In the worst case, you can re-create the file by creating a new /data volume from the original snapshot or a backup, copying the meta-data.infdb, and then manually reconstructing it as the admin user. In the original snapshot case, the admin password starts as the instanceid. There is no way to get the user passwords back because the passwords are stored hashed, not literally. If you can get another server running, you can see that the passwords may be stored with optional plaintext ‘clues’ visible to the admin which can be used in various ways, such as either being identical to the actual password, or being clues for the users, or being codes that identify passwords in an offline paper list of passwords. (The standard FreeBSD bcrypt hash is currently used, with secure random salt and standard PBE throttling to about 10msec by repeated hashing to slow down brute-force attacks). The admin can set new or recovered passwords for each user manually. Only the admin can set passwords (until single-sign-on is implemented). The names of the databases can either come from the backup metadata.infdb or can be guessed from the file names of the database files. You can define a database by giving its file name without deleting the file, and likewise you can ‘forget’ a file.
The meta-data.infdb File
Currently the admin can only change i.e. have an effect on the contents of /data/infinitydb-home/data/default/meta-data.infdb, which is actually a standard InfinityDB Encrypted database file with its password in /data/infinitydb-home/meta-data-password/default/meta-data-password. The admin can only access or make changes from inside the web console, which means a server must be running. Thus the server admin is isolated from the root user, i.e. the system administrator and vice versa.

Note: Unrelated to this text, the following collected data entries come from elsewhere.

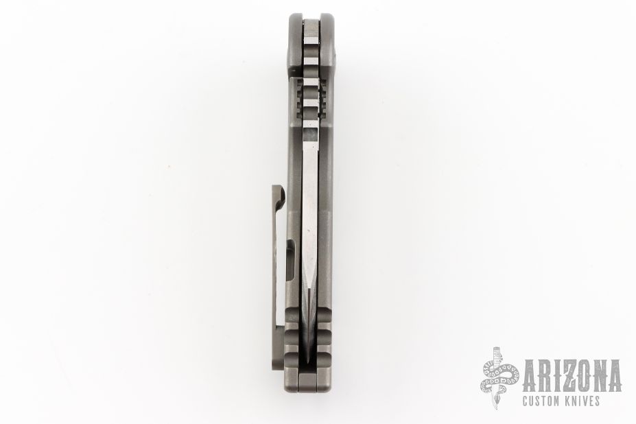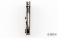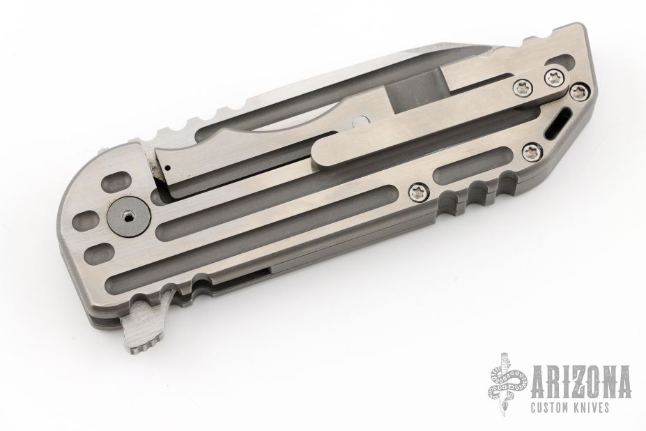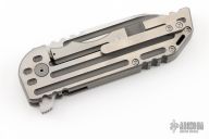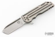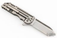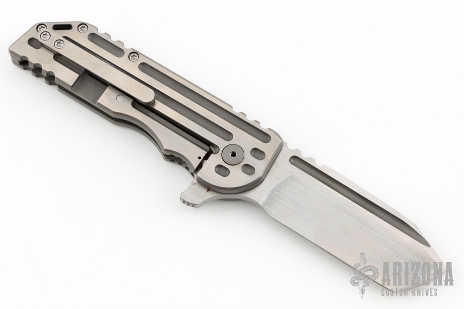 This Warhorse features a hand rub satin finished blade with fullers that opens/closes effortlessly on caged bearings. The handle is titanium with a satin finished tip up clip and an acid tumbled titanium backspacer. The blade is centered when closed and locks up with no play. Comes in a Bharucha Design zipper case. Has a couple light scratches, has some rust spots, has some light scuffs, great condition otherwise.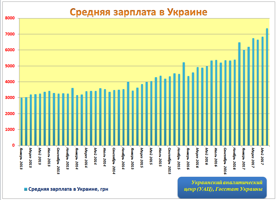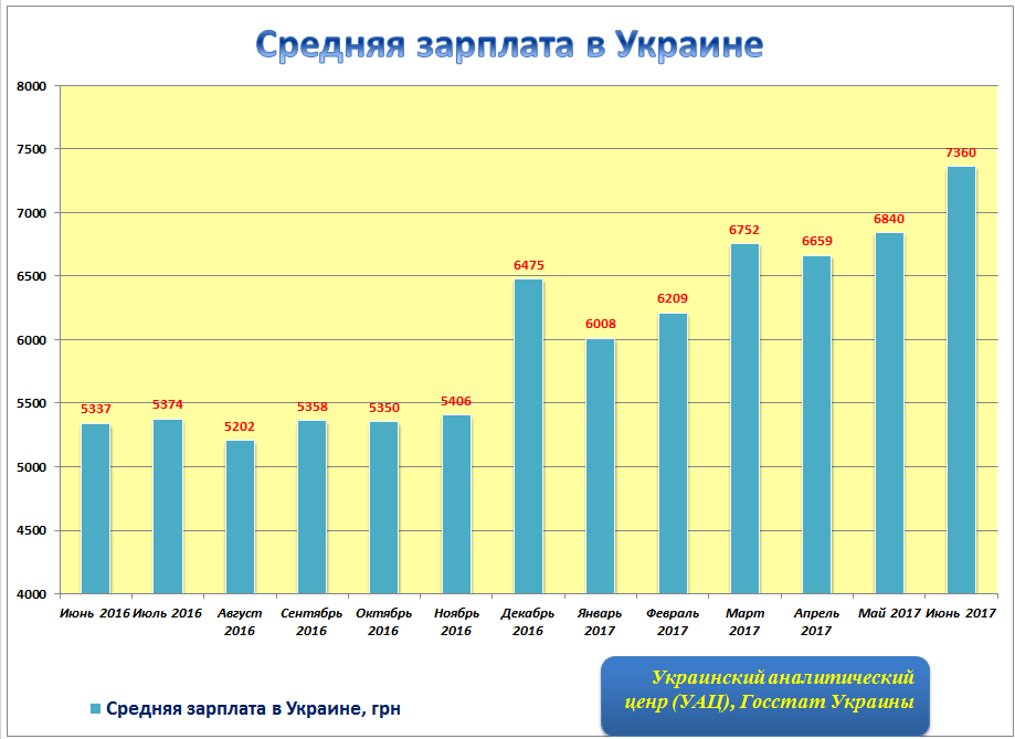 По итогам июня 2017 года средняя официальная заработная плата 7360 грн или 245 Евро. В Албании 395 Евро. Есть куда стремиться.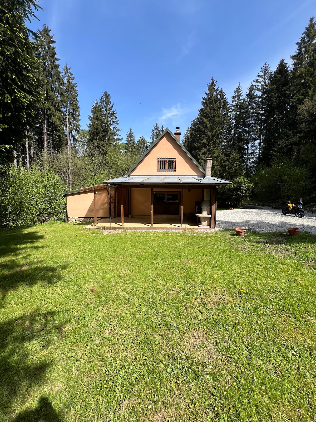 ✔Terasa s posedením ✔ Komfort a teplo: vyhriata chata, automatické elektrické radiátory a krb pripravený na použitie. ✔ Espresso kávovar a umývačka riadu🏡 ✔ Priestranná chata pre 8 osôb s 2 spálňami, veľkou obývačkou, plne vybavenou kuchyňou so sporákom a chladničkou, kúpeľňou. ✔ Vybavenie pre rodiny: detská postieľka, vysoká stolička, hračky, trampolína a futbalové bránky. ✔ Zábava a relax: Smart TV, Netflix, 120 programov, stolný futbal, záhrada s ohniskom a grilom, V cene 4 horské bicykle🚵!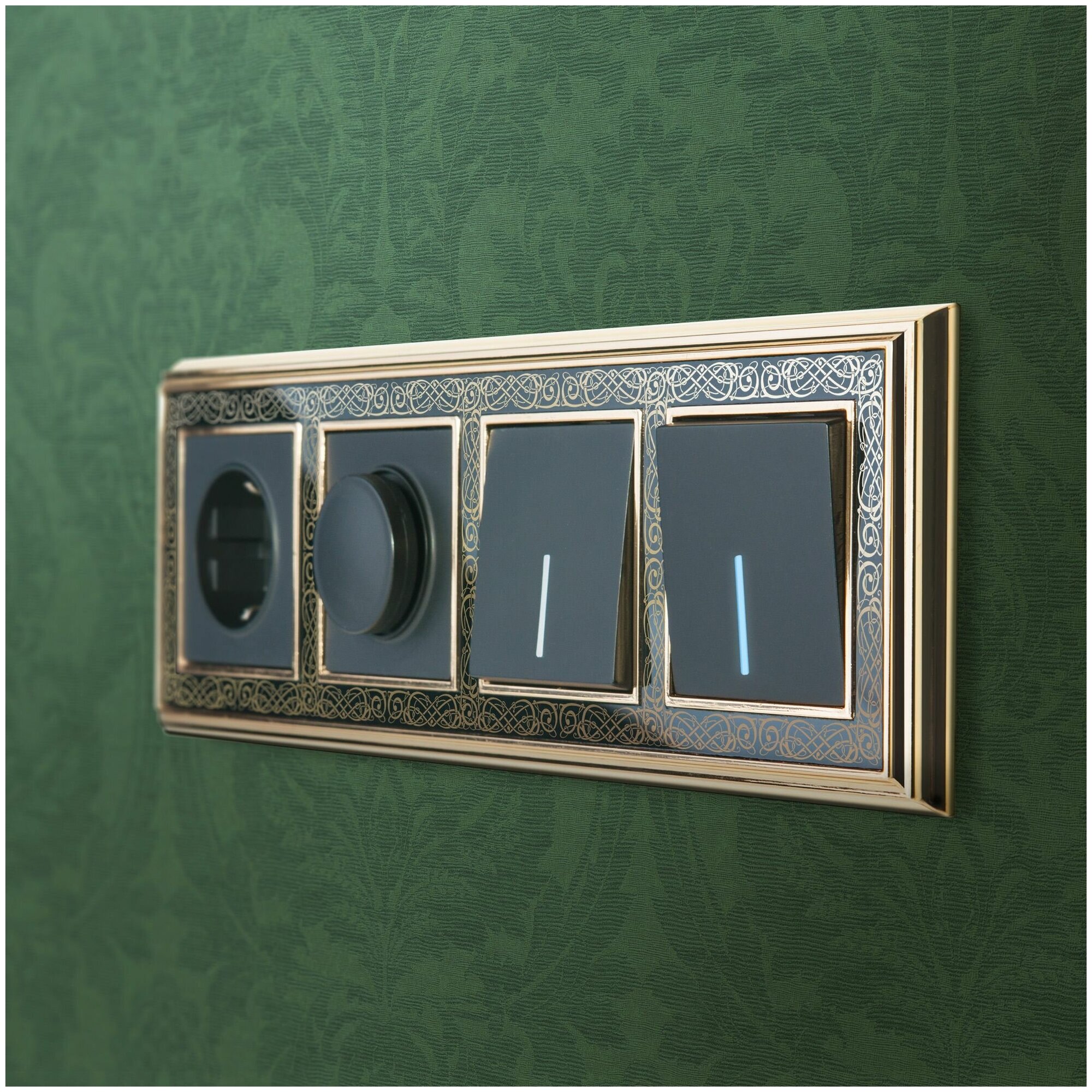 Проходной двухклавишный выключатель/переключатель с подсветкой Werkel W1122111 шампань IP20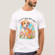 A t-shirt with a picture of a cute puppy sitting amongst the flowers. He looks very happy to be surrounded by flowers and butterflies.The perfect gift to give those who love puppy dogs. The slogan is 'Little paws, Big love'. Contains generative content.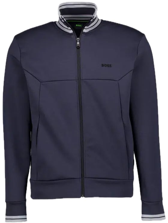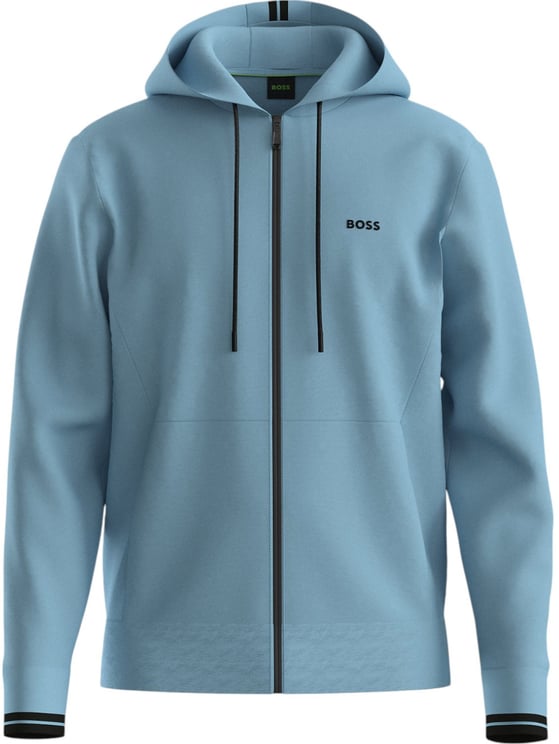 Dit Zestart vest licht blauw heeft een strakke, minimalistische vormgeving met een hoge kraag die een sportieve touch toevoegt. De zachte lichtblauwe tint straalt frisheid en veelzijdigheid uit en wordt subtiel geaccentueerd door het Boss-logo op de voorkant. Een centrale ritssluiting zorgt voor een eigentijdse afwerking, terwijl elastische boorden bij de mouwen zorgen voor een nette pasvorm. Gemaakt van 100% katoen biedt het vest een comfortabele en verzorgde uitstraling, geschikt voor zowel casual als meer formele gelegenheden.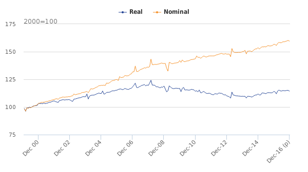 (source: ONS Gross Domestic Product time series January 2017)UK output fell off a cliff in 2007, then tried to recover in 2009-10 but was clobbered by rising oil and commodity prices. I have previously observed that the UK in 2010-12 suffered double-digit inflation in energy prices, which in my view was the principal reason why the UK economy flatlined. If the QE-driven oil and commodity price bubble was the principal cause of the failure of the UK's recovery, then the prolonged use of QE by the US to restore its own economy has had terrible consequences for the UK. QE spillovers are known to be inflationary for emerging markets, but it seems that there was also an indirect inflationary effect in oil-dependent developed countries, which showed itself as stagnant output, poor productivity and flat wage growth.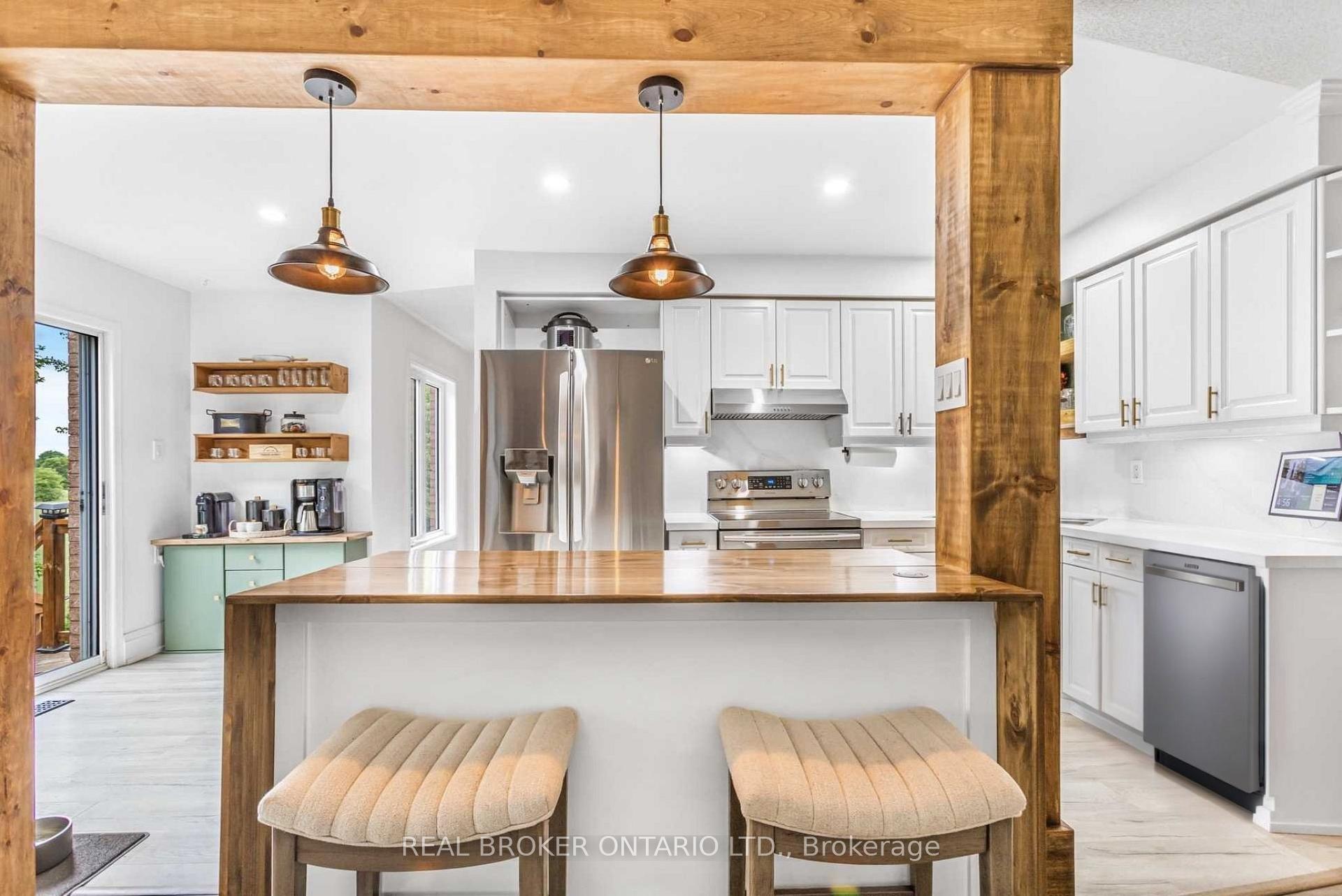 **Watch Virtual Tour** Nestled in one of Orangeville’s most desirable family neighbourhoods, this beautifully upgraded 4-bedroom, 4-bath detached home backs onto a serene park – offering privacy and tranquility with no rear neighbours. Just steps to Island Lake School and the hospital, and moments from Hwys 9 & 10, its a commuter’s dream! The open-concept main floor features a spacious eat-in kitchen with quartz countertops, custom cabinetry, and a walkout to a covered deck. The cozy family room offers a gas fireplace and custom maple beam accents. Convenient main floor laundry and inside access to the garage add to the homes functionality. Upstairs, find generously sized bedrooms, including a primary suite with a renovated ensuite and custom-built closets. The fully finished walk-out basement includes a kitchenette, entertainment wall, and custom Murphy bed – perfect for guests or extended family. Extensive updates throughout: new flooring, lighting, custom carpentry, wainscoting, and more. Move-in ready with impeccable attention to detail inside and out! Extensive exterior upgrades include front and rear landscaping, a custom firepit area with clubhouse, interlock with a front seating area, and outdoor lighting. The deck was fully rebuilt with new railings, stairs, foundation, lighting, and TV wiring. Inside, enjoy a redesigned kitchen with added cabinetry, a coffee bar, and stainless steel appliances. A wall was removed to improve flow, and a kitchen island added. Additional main-floor updates include upgraded powder room, custom storage bench, stair railings, and accent walls.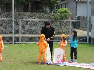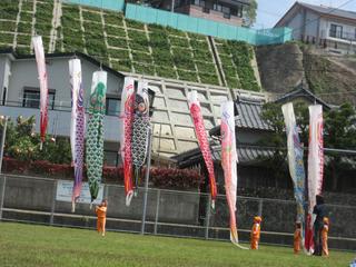 卒園児のおとうさんがこいのぼりを泳がせるところに遭遇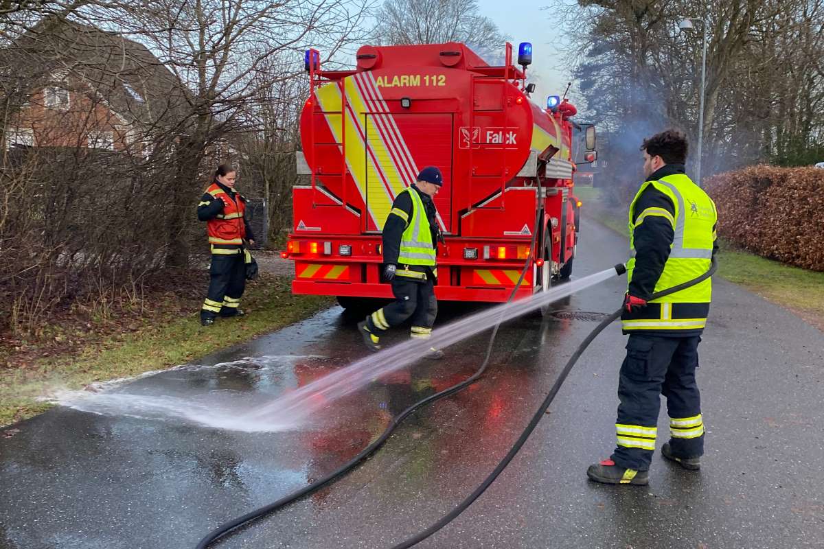 (Onsdag den 20. december 20 23) Oliefilm på vejen gjorde, at en del af Stavnagervej i Obbekær onsdag eftermiddag var meget glat.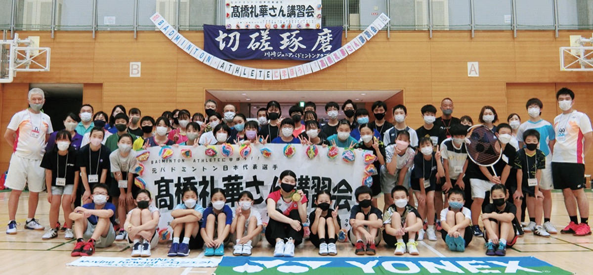 コロナ下で部活動などが制約される中、次世代の選手に明るい未来を見出してもらおうと、川崎市バドミントン協会が主催。感染対策のもと、市内クラブ等に所属する小中学生46人、指導者ら45人が参加した。高橋さんら講師3人が実技指導を行い、質問コーナーや写真撮影などで交流する場面もあった。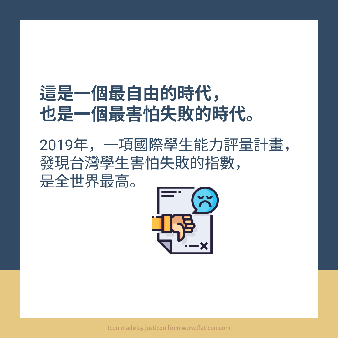 2019年,一項國際學生能力評量計畫,發現台灣學生害怕失敗的指數,是全世界最高。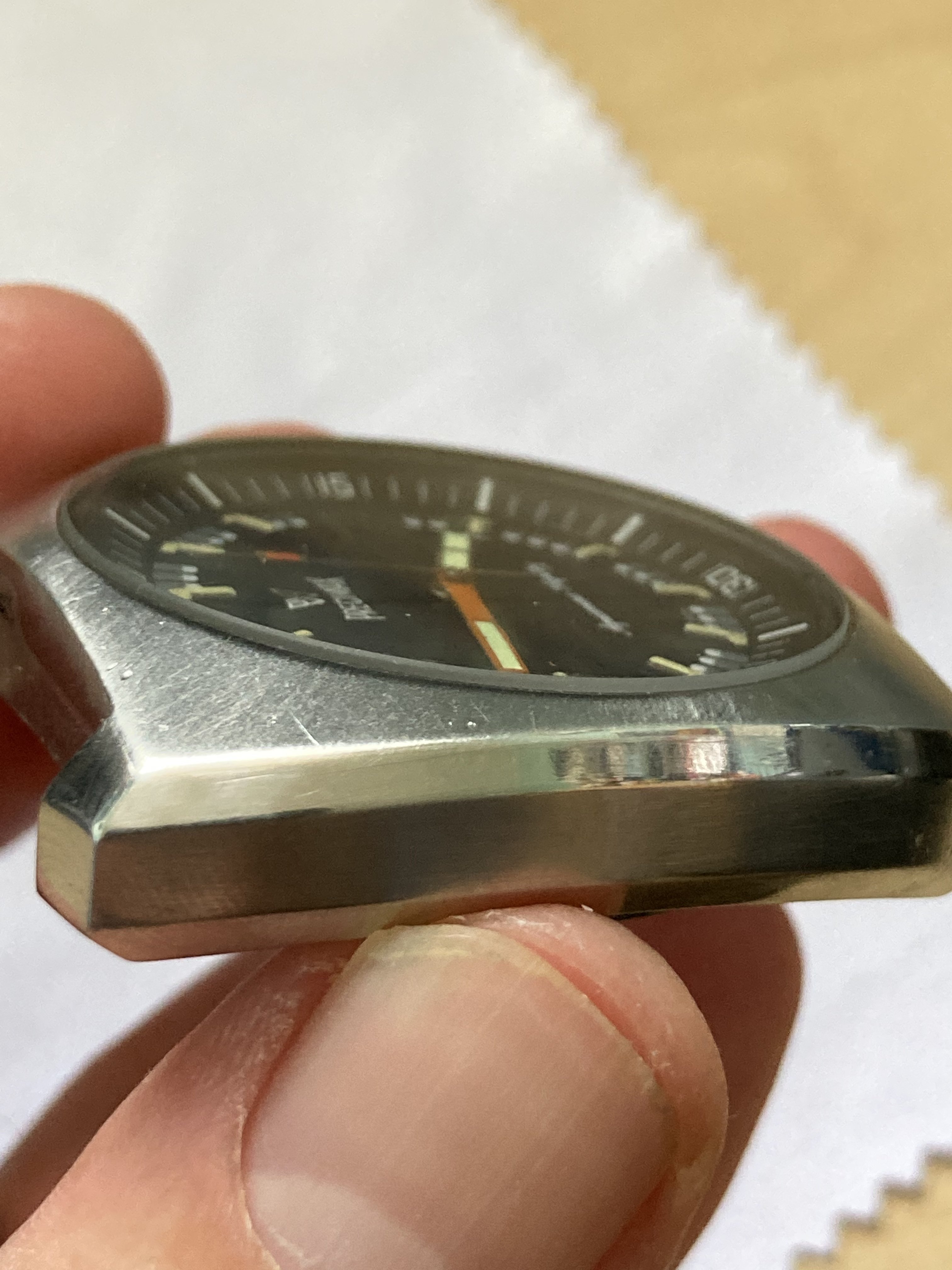 The case has a brushed finish and wear commensurate with the watch's age. However, in the hand, this is an attractive case and the dial is in excellent condition.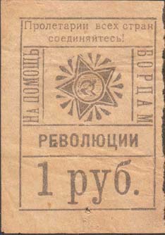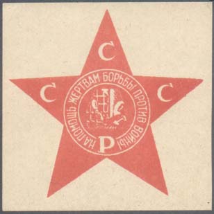 1930(?) г. Разм. 40 х 55 мм. Одноцветная печать на плотной желтоватой бумаге. В двойной прямоугольной рамке разм. 32 х 45 мм в центре пятиконечная звезда с серпом и молотом в центре. По периметру между рамками текст: «Пролетарии всех стран, соединяйтесь! На помощь борцам революции». Внизу в отдельной рамке номинал.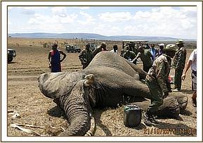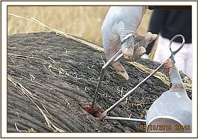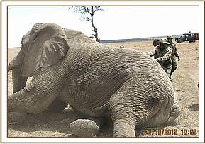 Restraint was achieved by administration of 17mgs Etorphine hydrochloride through a 3ml dan-inject dart from a vehicle. It took nine minutes for the drugs to take full effect with the elephant assuming sternal recumbency. He was pushed over onto his right side.

There is currently no way (in version 6.0.x) to change or ‘rotate’ the metadata password in the file /data/infinitydb-home/meta-data-password/default/meta-data-password, and when that becomes possible in a future version, you will need to keep the association between that password and the particular meta-data.infdb files that it corresponds to, such as in files or subdirectories under /data/infinitydb-home/meta-data-password. This will all become automatic, but until then, just keep both the meta-data.infdb and its password safe. If in the future you change the password and securely erase all copies of the previous password, then of course all backups or disclosed copies of the meta-data.infdb become inaccessible (they are ‘crypto-shredded’). You should keep the permissions on at least the password tight.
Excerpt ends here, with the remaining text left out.